→ Supplied information
----

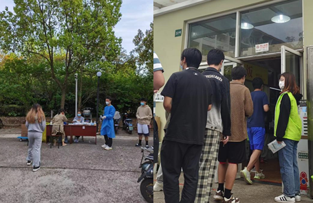 为配合每天的抗原自测工作,党员志愿者也会在领取抗原检测盒后的第一时间配送到每一间宿舍。在餐食和抗原配送中时常会遇到餐食不足、检测盒失效、缺少棉签等情况,志愿者之间会快速相互协调。抗疫当前,所有人都积极配合、快速响应、高效执行。
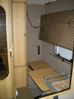 Dolne łóżko można złożyć zamykając(oddzielając)przestrzeń garażową od mieszkalnej tym samym z pomieszczenia bagażowego tworzy się pomieszczenie garażowe w którym swobodnie można przewozić skuter a nawet motor.
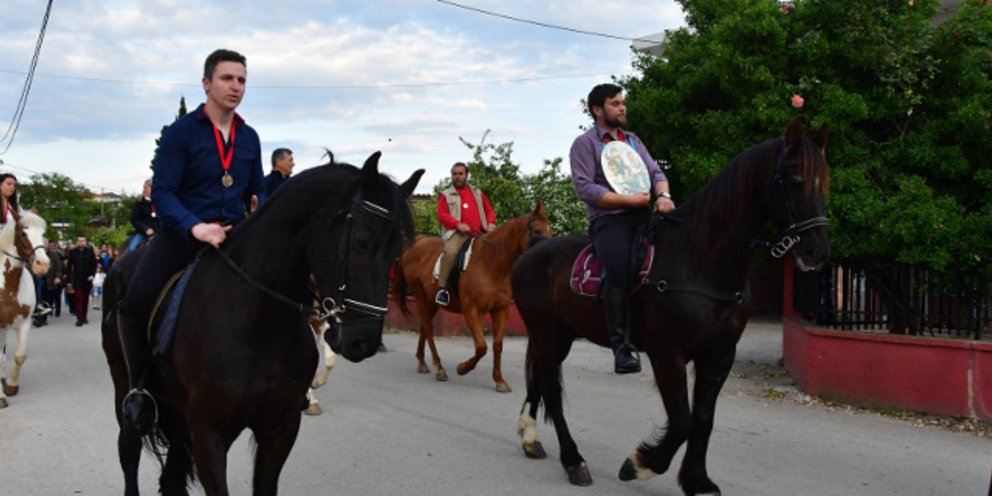 Καβαλάρηδες κρατούν πάνω στα άλογα εικόνες του Αη Γιώργη και μέσα σε κλίμα κατάνυξης ακολουθούν οι πιστοί.

----

→ Work to complete
Reproduce each line above exactly, but not a single picture.

→ Written reply
 为配合每天的抗原自测工作,党员志愿者也会在领取抗原检测盒后的第一时间配送到每一间宿舍。在餐食和抗原配送中时常会遇到餐食不足、检测盒失效、缺少棉签等情况,志愿者之间会快速相互协调。抗疫当前,所有人都积极配合、快速响应、高效执行。
 Dolne łóżko można złożyć zamykając(oddzielając)przestrzeń garażową od mieszkalnej tym samym z pomieszczenia bagażowego tworzy się pomieszczenie garażowe w którym swobodnie można przewozić skuter a nawet motor.
 Καβαλάρηδες κρατούν πάνω στα άλογα εικόνες του Αη Γιώργη και μέσα σε κλίμα κατάνυξης ακολουθούν οι πιστοί.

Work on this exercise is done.